Drop the pictures and restate the rest of the listing word for word.

Data records: Begin

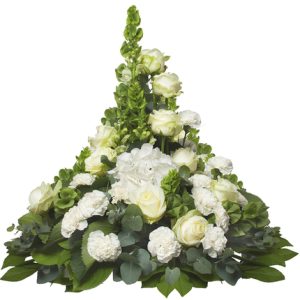 Ce coussin conique de fleurs est une création majestueuse qui saura transmettre vos messages de condoléances avec élégance. Assemblées en hauteur dans des tons blancs et verts, cette composition est réalisée avec de belles roses et des fleurs de saison, agrémentées de feuillages délicats par un artisan fleuriste expert de 123 fleurs.
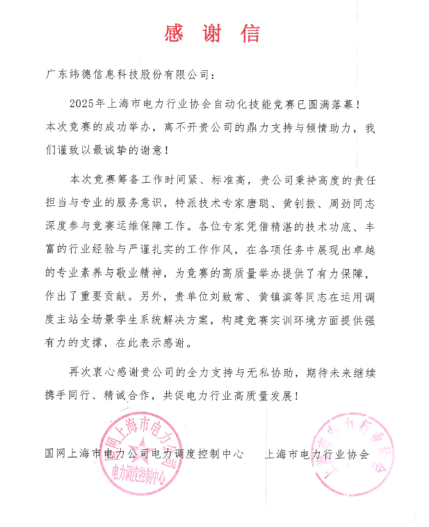 近日,纬德信息收到国家电网上海市电力公司电力调度控制中心以及上海市电力行业协会发来的感谢信,对纬德信息在2025年上海市电力行业自动化技能竞赛中所提供的专业支持与保障服务表示诚挚谢意。
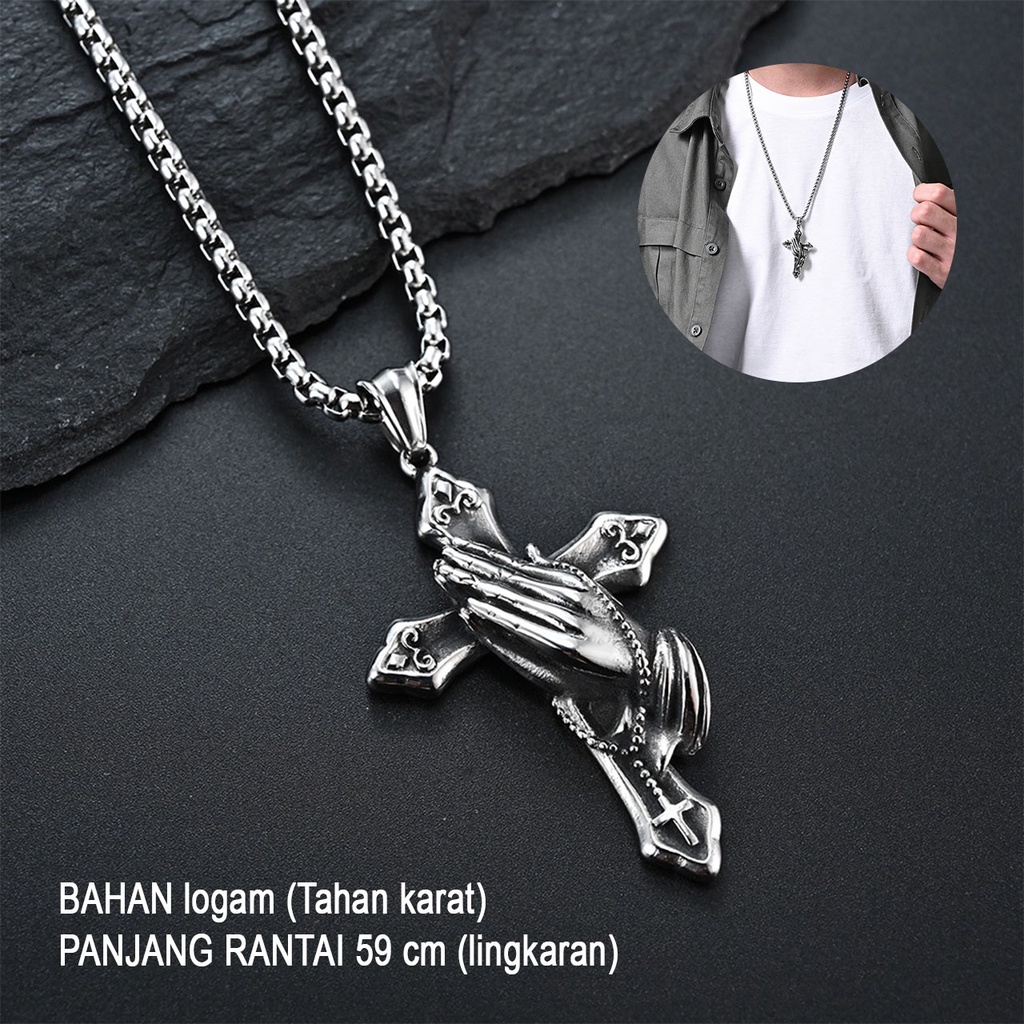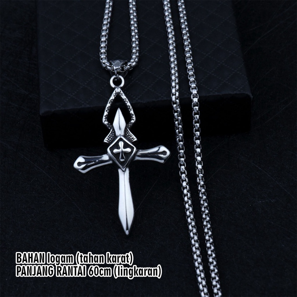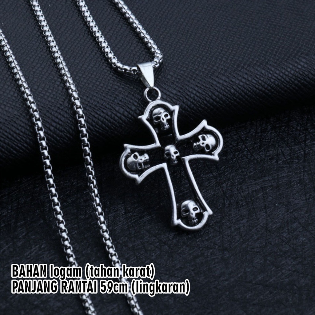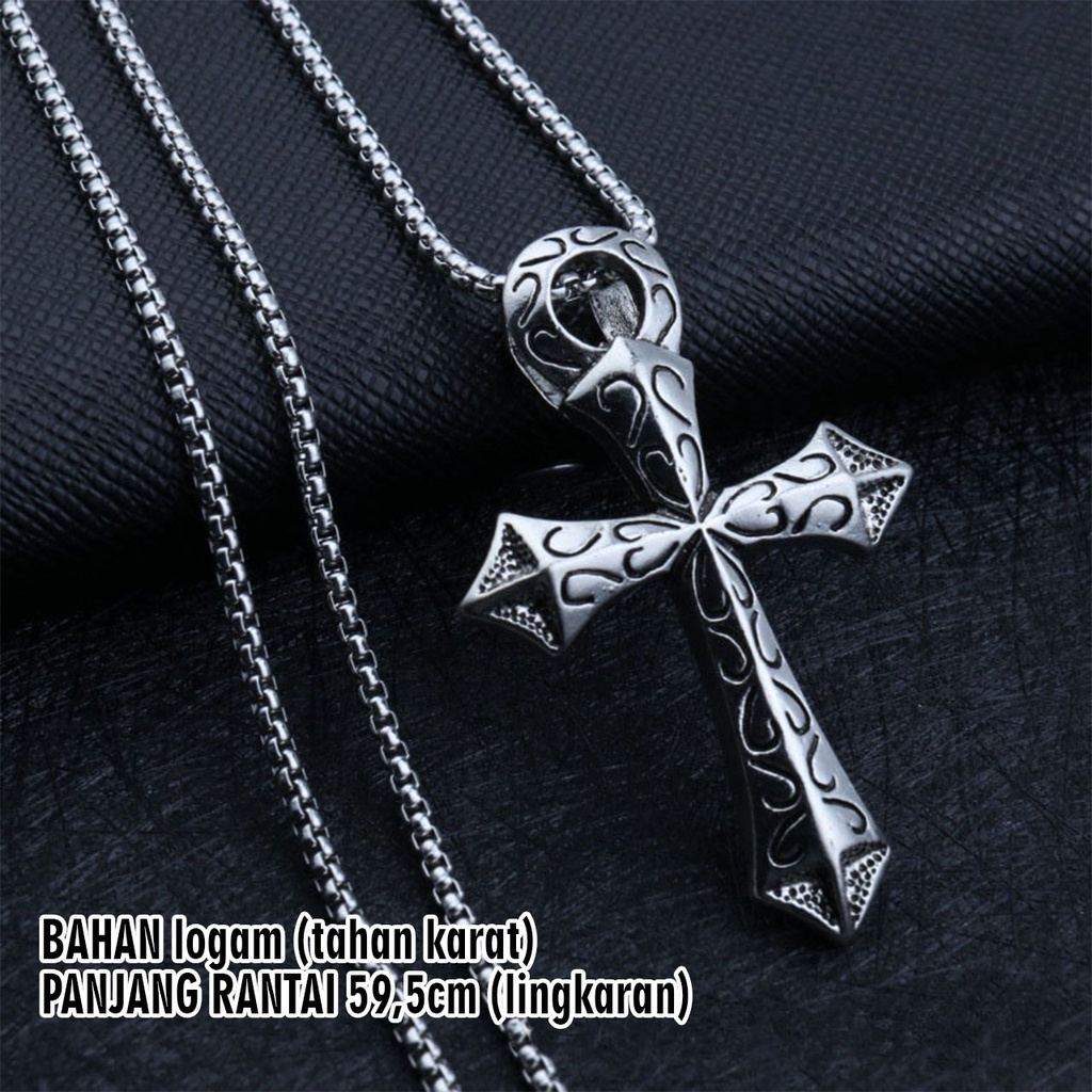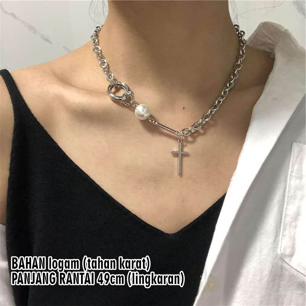 Kalung salib pria wanita couple liontin style keren ukuran besar medium bahan rantai alloy warna silver putih emas hitam polos bagus
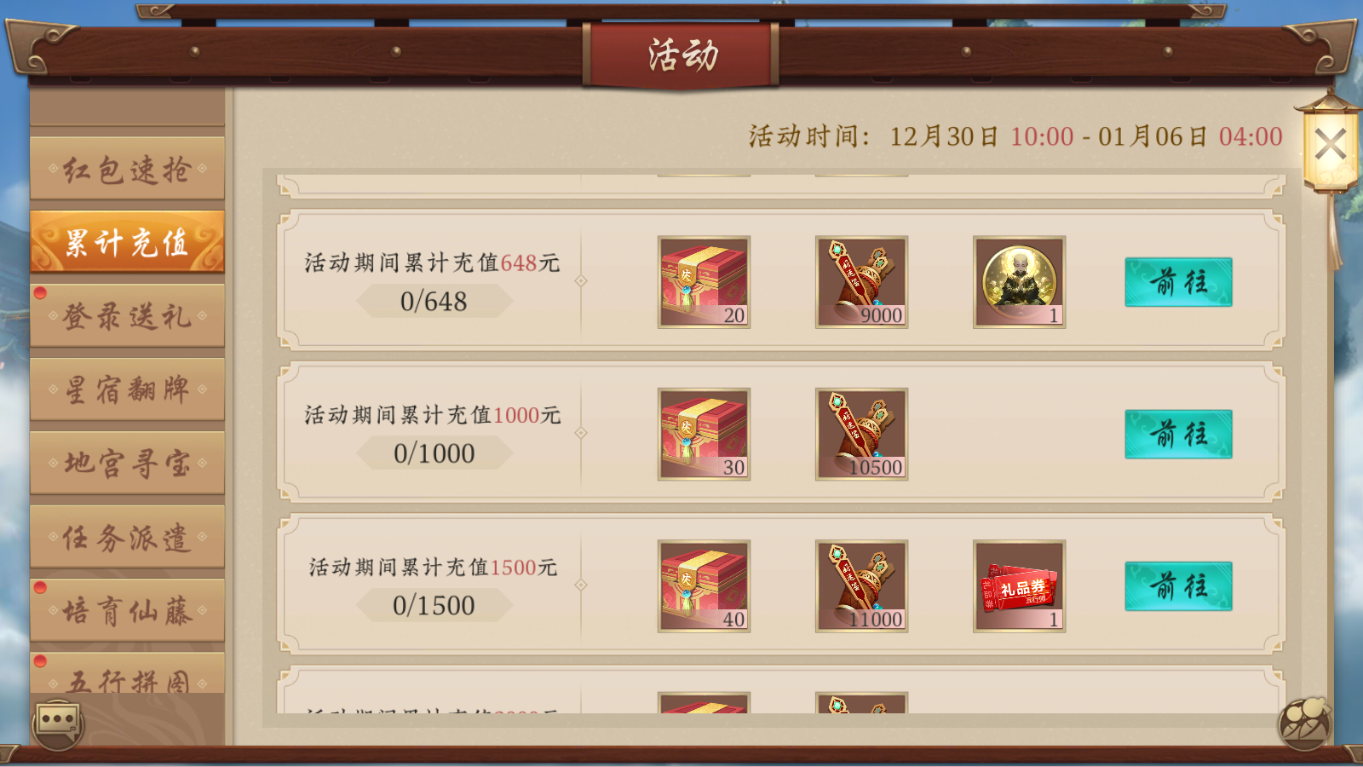 活动期间,累计充值达到一定数额即可领取额外奖励!
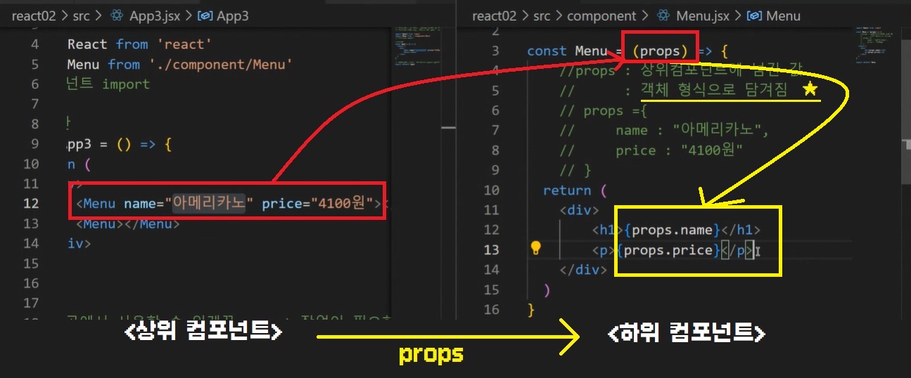 3) <Menu name="아메리카노" price="4100원"></Menu> 👉 전달할 값 작성
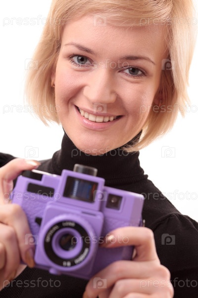 Молодые женщины с фиолетовой камерой изолированы на белом фоне
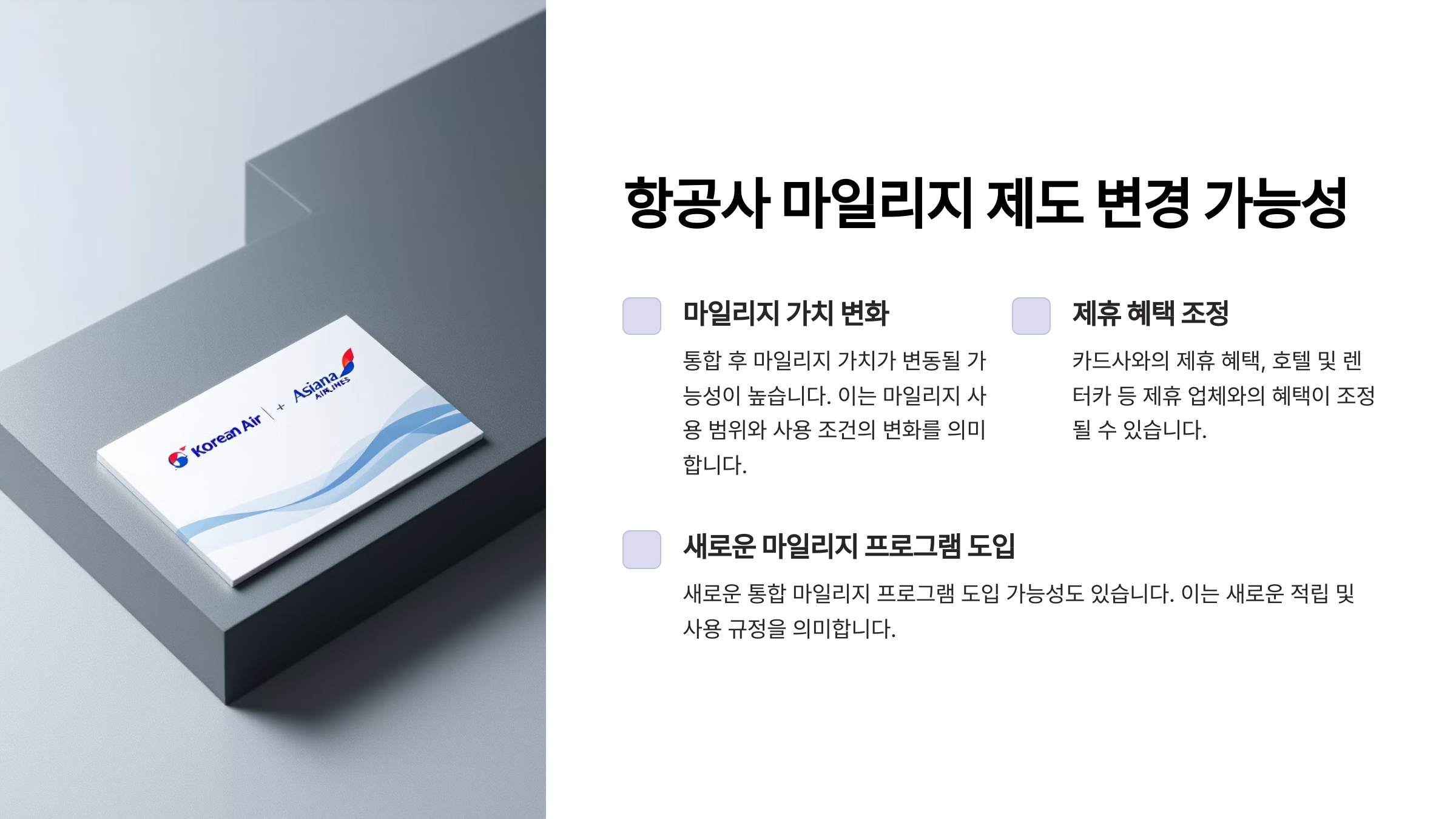 항공사 마일리지 제도는 기업의 정책에 따라 언제든지 변경될 수 있어요. 특히, 이번 대한항공과 아시아나 합병으로 인해 기존 마일리지 제도가 어떻게 개편될지 많은 사람들이 궁금해하고 있어요.
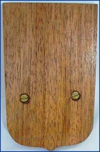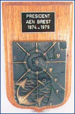 Ecusson aux armes de l'Ecole Naval de Brest pour le Président de l'A.E.N. (association des anciens élève de l'école navale), appelé "Tape de Bouche" en souvenir du bouchon plat de liège ou de bois tourné, employé pour fermer la bouche d'une pièce d'artillerie et empêcher l'eau de pénétrer son âme. Né en 1974, il est en bronze sur bois exotique. Hauteur 19 cm, largeur 11,5 cm.

Data records: End

= Answer to the exercise =
 Ce coussin conique de fleurs est une création majestueuse qui saura transmettre vos messages de condoléances avec élégance. Assemblées en hauteur dans des tons blancs et verts, cette composition est réalisée avec de belles roses et des fleurs de saison, agrémentées de feuillages délicats par un artisan fleuriste expert de 123 fleurs.
 近日,纬德信息收到国家电网上海市电力公司电力调度控制中心以及上海市电力行业协会发来的感谢信,对纬德信息在2025年上海市电力行业自动化技能竞赛中所提供的专业支持与保障服务表示诚挚谢意。
 Kalung salib pria wanita couple liontin style keren ukuran besar medium bahan rantai alloy warna silver putih emas hitam polos bagus
 活动期间,累计充值达到一定数额即可领取额外奖励!
 3) <Menu name="아메리카노" price="4100원"></Menu> 👉 전달할 값 작성
 Молодые женщины с фиолетовой камерой изолированы на белом фоне
 항공사 마일리지 제도는 기업의 정책에 따라 언제든지 변경될 수 있어요. 특히, 이번 대한항공과 아시아나 합병으로 인해 기존 마일리지 제도가 어떻게 개편될지 많은 사람들이 궁금해하고 있어요.
 Ecusson aux armes de l'Ecole Naval de Brest pour le Président de l'A.E.N. (association des anciens élève de l'école navale), appelé "Tape de Bouche" en souvenir du bouchon plat de liège ou de bois tourné, employé pour fermer la bouche d'une pièce d'artillerie et empêcher l'eau de pénétrer son âme. Né en 1974, il est en bronze sur bois exotique. Hauteur 19 cm, largeur 11,5 cm.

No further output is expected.